Ben tertawa meremehkan. "Siapa yang berani bersikap tidak baik pada menantu kesayangan Bratadikara Grup? Mungkin amnesiamu membuatmu lupa, jadi aku harus ingatkan. Tidak ada satu orang pun yang mendekatimu tanpa tujuan."
Air muka Mira berubah lebih tegang dibanding biasanya. "Jangan pikir semua orang sama denganmu, Bennu Bratadikara."
Ben menarik tangan Mira kasar, membuat tubuh kurus itu mendekat ke arahnya dalam sekali sentakan. "Jangan berani macam-macam, atau kamu akan menanggung akibatnya."
Deg.
Aku gak salah dengar, kan? Dia sedang mengancamku barusan? Apa dia 'terpancing' lebih awal? Yang ingin Mira mati adalah suaminya sendiri? Astaga.
"Tuan kita sudah sampai di depan gerbang. Kita langsung masuk saja atau bagaimana, Tuan?"
Ben melepas cengkeramannya. Pria itu memperbaiki letak kacamata, kemudian mengibaskan jasnya.
Mira melihat ke arah luar, mengikuti tatapan Ben. Matanya melotot mendapati pemandangan yang kini tersaji di hadapannya itu.
Bukan pertama kali ia melihat kerumunan orang. Mira biasa melihatnya saat ikut antri pembagian sembako di depan rumah caleg atau sekedar orang kaya yang dermawan.
Tapi kali ini berbeda.
Kerumunan orang-orang itu tampak lebih rapih, tidak ada yang memakai kaos bergambar parpol. Mayoritas mengenakan kemeja dan sepatu.
Beberapa tampak mengenakan setelan blazer. Ada yang memegang microphone, ada pula yang membawa kamera.
Meski belum pernah bertemu mereka sebelumnya, Mira segera tahu bahwa orang-orang itu sedang mengincarnya karena gosip yang beredar hari ini.
"Tidak perlu masuk. Kami akan keluar dulu," jawab Ben.
"K-kami siapa?" Mira tersentak, kaget.
"Tentu saja kita. Kita harus memberi klarifikasi sebelum gosip semakin kemana-mana."

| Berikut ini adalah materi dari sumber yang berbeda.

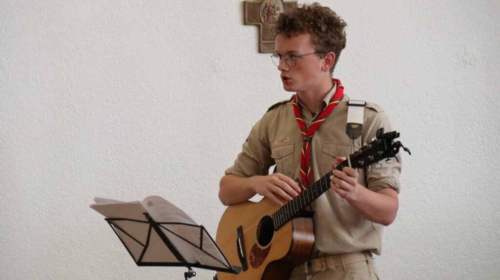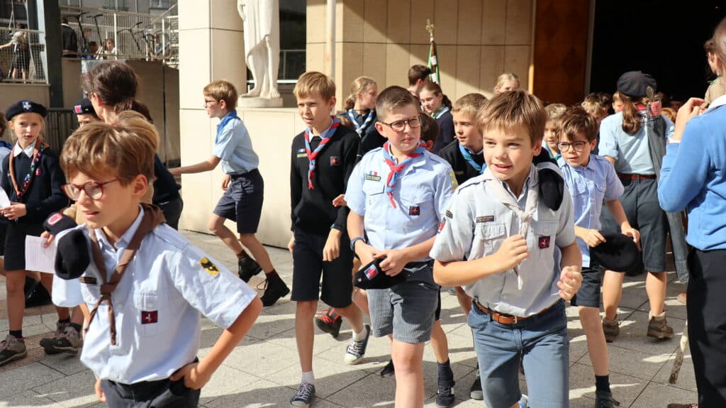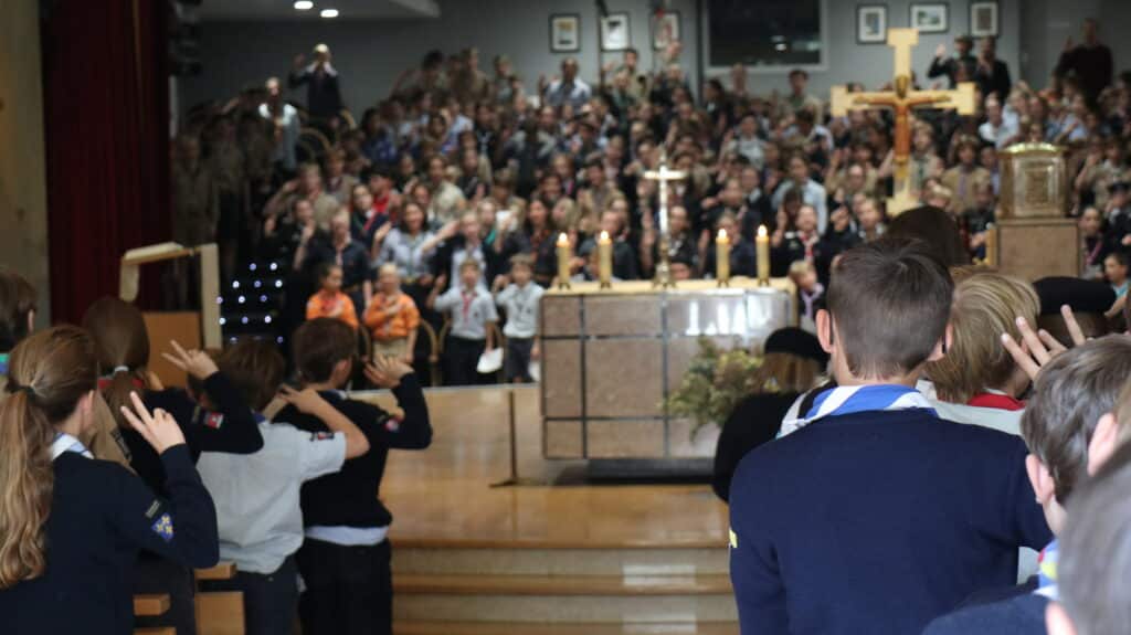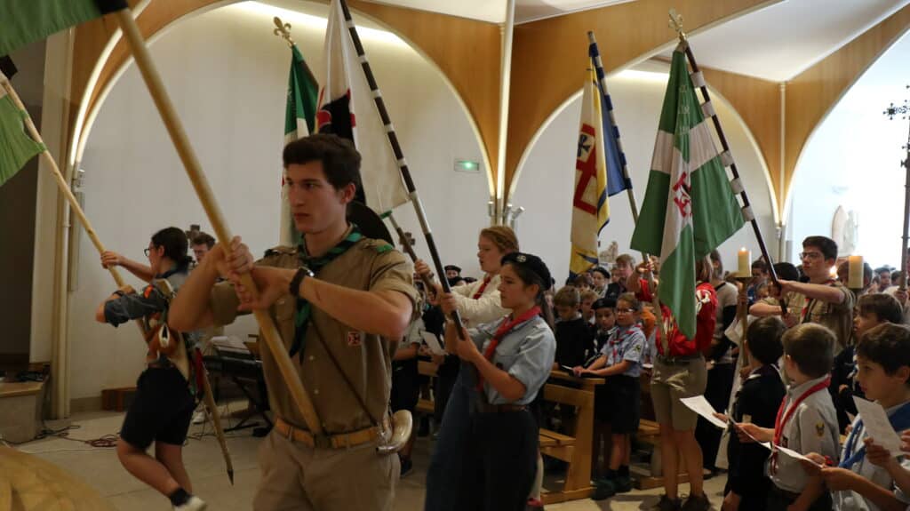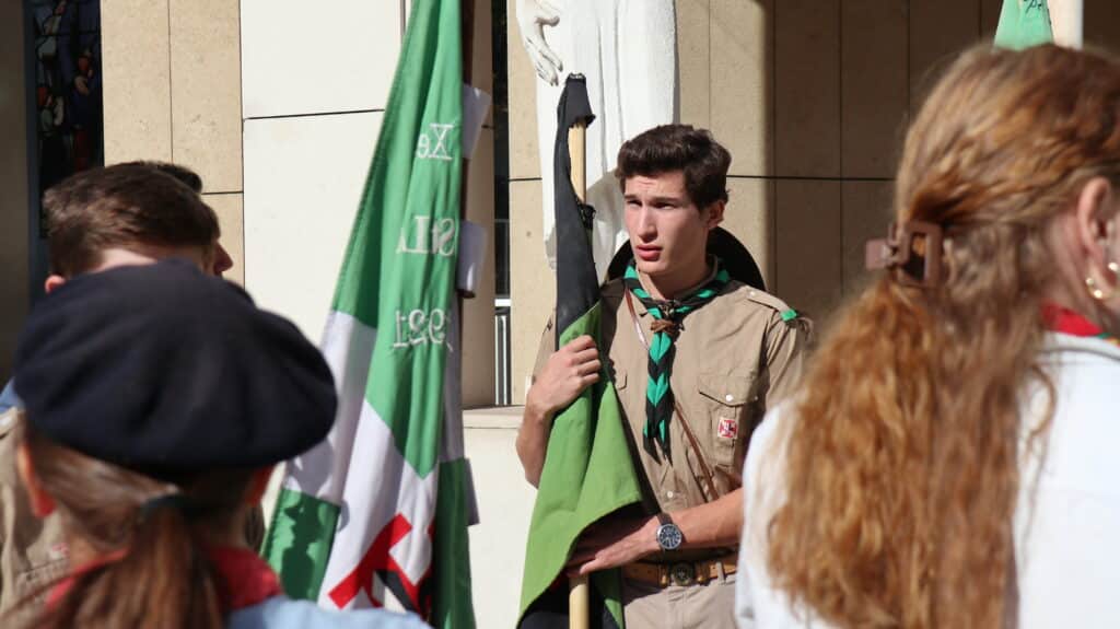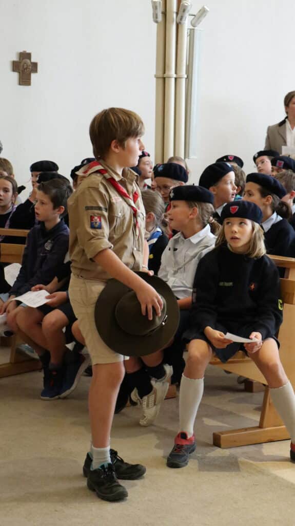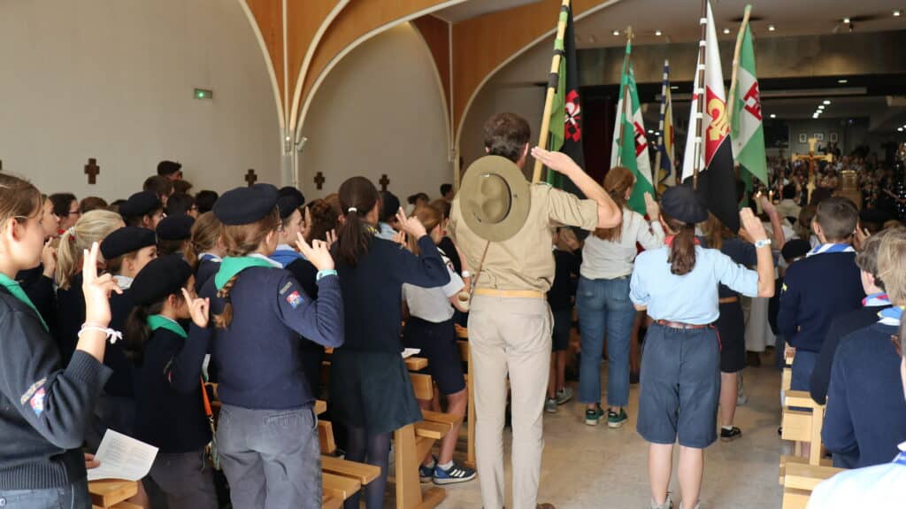 Ils sont arrivés dès le matin, fiers dans leur uniforme scout, le foulard noué autour du cou. Nos élèves étaient plus de 400, du primaire et du secondaire, à la chapelle ce jeudi 2 octobre, à l’heure du déjeuner, pour la messe. Drapeaux, bannières, étendards ont encadré cette très belle célébration présidée par l’aumônier du groupe scout de Saint-Jean, l’abbé Stéphane de Spéville, riche des couleurs de chaque mouvement : scouts d’Europe, de France, unitaires… tous mêlés dans un semblable idéal.

"Tapi aku belum pernah masuk TV."
"Kamu adalah Mira Mahalia Bratadikara."
Oh iya, aku bukan Mira Dania sekarang.
"T-tapi aku lupa caranya diwawancarai."
"Yang perlu kamu lakukan hanya diam, sisanya serahkan padaku."

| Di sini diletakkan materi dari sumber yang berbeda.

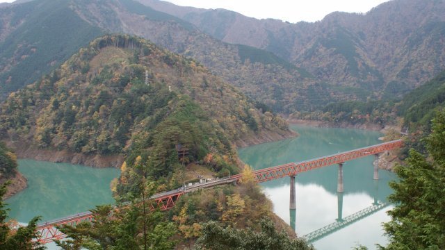 出典:www.okuooi.gr.jp深い渓谷をせき止めた長島ダム付近の接岨峡エリアと呼ばれる一帯。そこに走る「関の沢鉄道」が通る鉄橋付近がおすすめの紅葉スポットです。
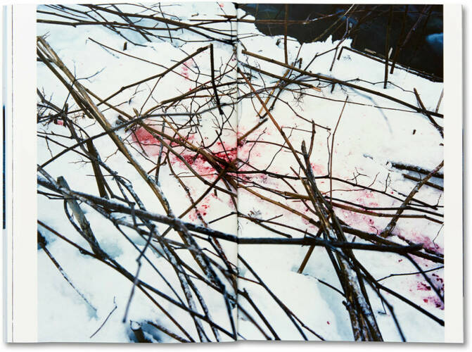 In this dark and beautiful book, Takashi Homma traces the blood trails of deers killed in Shiretoko National Park on the Japanese island of Hokkaido. Like ritualistic stains or calligraphic compositions, the photographs, which Homma made in the winters of 2009 to 2018, are at once abstract and symbolic. Considered by some to be sacred, deers in Japan have controversially faced culls due to growing populations, which upset agricultural communities struggling to protect their crops. To aid their mission in reducing numbers, the government encourages local hunters to take matters into their own hands. Homma photographs the effects – the red vestiges of wild life in the snow.
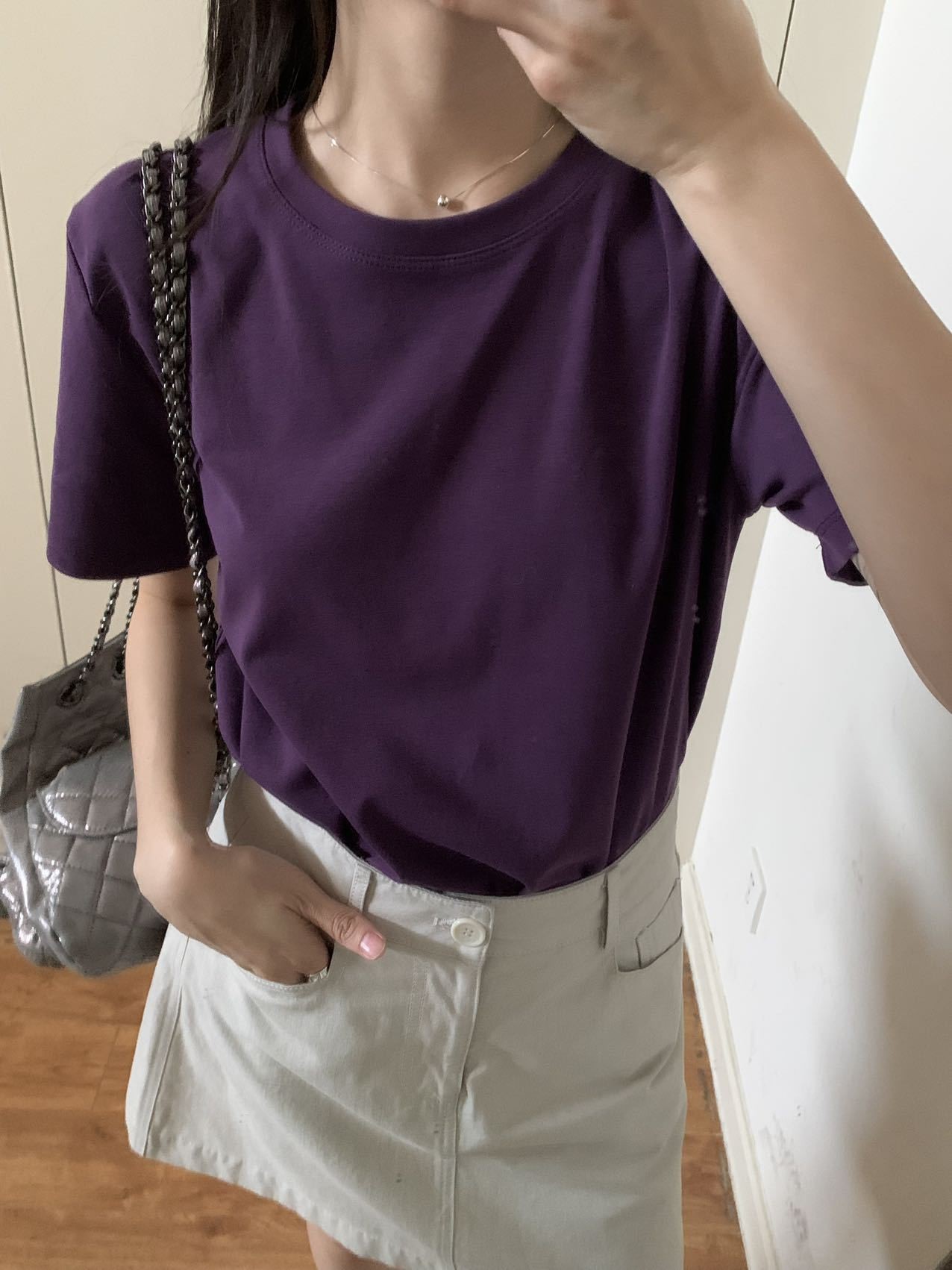 [48 색상 옵션] 봄과 여름 새로운 라운드 넥 짧은 소매 티셔츠 여성용 느슨한 면화 풀오버 단색 간단한 다용도 탑
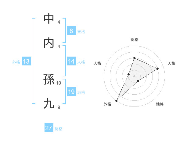 中内 孫九さんの天格は8画の4点!
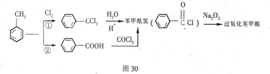 1、填空题 据报道,卫生部决定从2011年5月1日起禁用面粉增白剂。资料显示,目前应用于面粉的增白剂几乎全是过氧化苯甲酰,它能对面粉起到漂白和防腐的作用,且已经过安全评估,但是有研究认为它对人体有一定的负面作用。过氧化苯甲酰的合成路线如下:
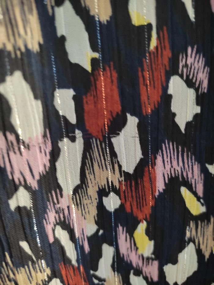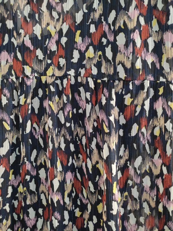 Jolie robe avec imprimé. Doublure. Quelques fils tirés (voir photos). Mais cela ne se voit que de près
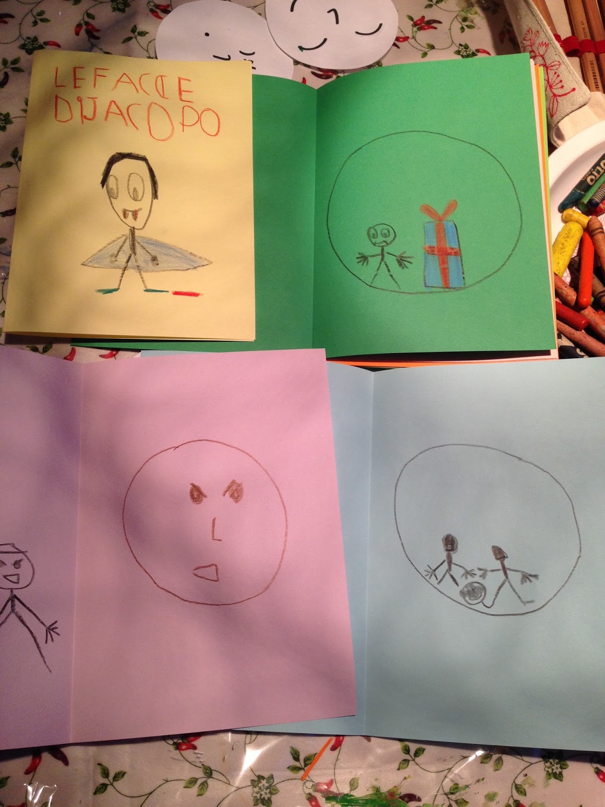 a partire da "à quoi penses-tu?" di laurent moreau, ed. hélium (in italiano tradotto e pubblicato da ed. orecchio acerbo) ci colleghiamo al lavoro dell'ultima volta e proviamo a raccontare che cosa ci provoca emozioni diverse: che cosa ti rende felice? che cosa ti spaventa? che cosa ti annoia? e così via.. ecco qualche esempio! sempre sorprendenti i collegamenti che fanno i bimbi..

Mira menelan air liur untuk mengurangi rasa gugup yang tiba-tiba melanda.
Wanita itu mencoba tenang saat keluar dari mobil, mengekor Ben yang menggandengnya.
Bak permen gula yang jatuh diantara lautan semut, tak butuh waktu lama keduanya segera diserbu para wartawan yang sudah menunggu sejak beberapa jam lalu.
"Bagaimana pendapat anda tentang isu yang beredar, Tuan Ben?"
"Apa benar, Nyonya berselingkuh dengan keponakan Tuan Ben sendiri?"
"Mengapa Nyonya pergi ke hotel berdua dengan pria lain?"
Bibir Mira pucat seketika. Tak pernah berada di situasi seperti ini, membuatnya sangat shock.
Orang-orang yang berebut mengajukan pertanyaan, terus mendorong tubuh kurusnya itu hingga membuat Mira semakin terpojok. Ia terjebak diantara lautan wartawan dan salah satu sisi mobilnya.
Di saat itulah, Ben merangkul Mira sambil mencoba menahan serangan wartawan. Beberapa pengawal lantas melingkar, melindungi Tuan dan Nyonyanya.
Dalam hitungan detik, rasa takut Mira berganti dengan debaran kencang yang terasa di jantungnya.
Ben menarik pinggang Mira mendekat, lantas melumat bibir Mira begitu saja di depan semua orang. Dengan ganas.
Begitu panas, sampai-sampai wartawan yang awalnya brutal itu, terpaku seketika. Berganti dengan serangan lampu kilat dari puluhan kamera yang seolah tak mau ketinggalan mengabadikan momen itu.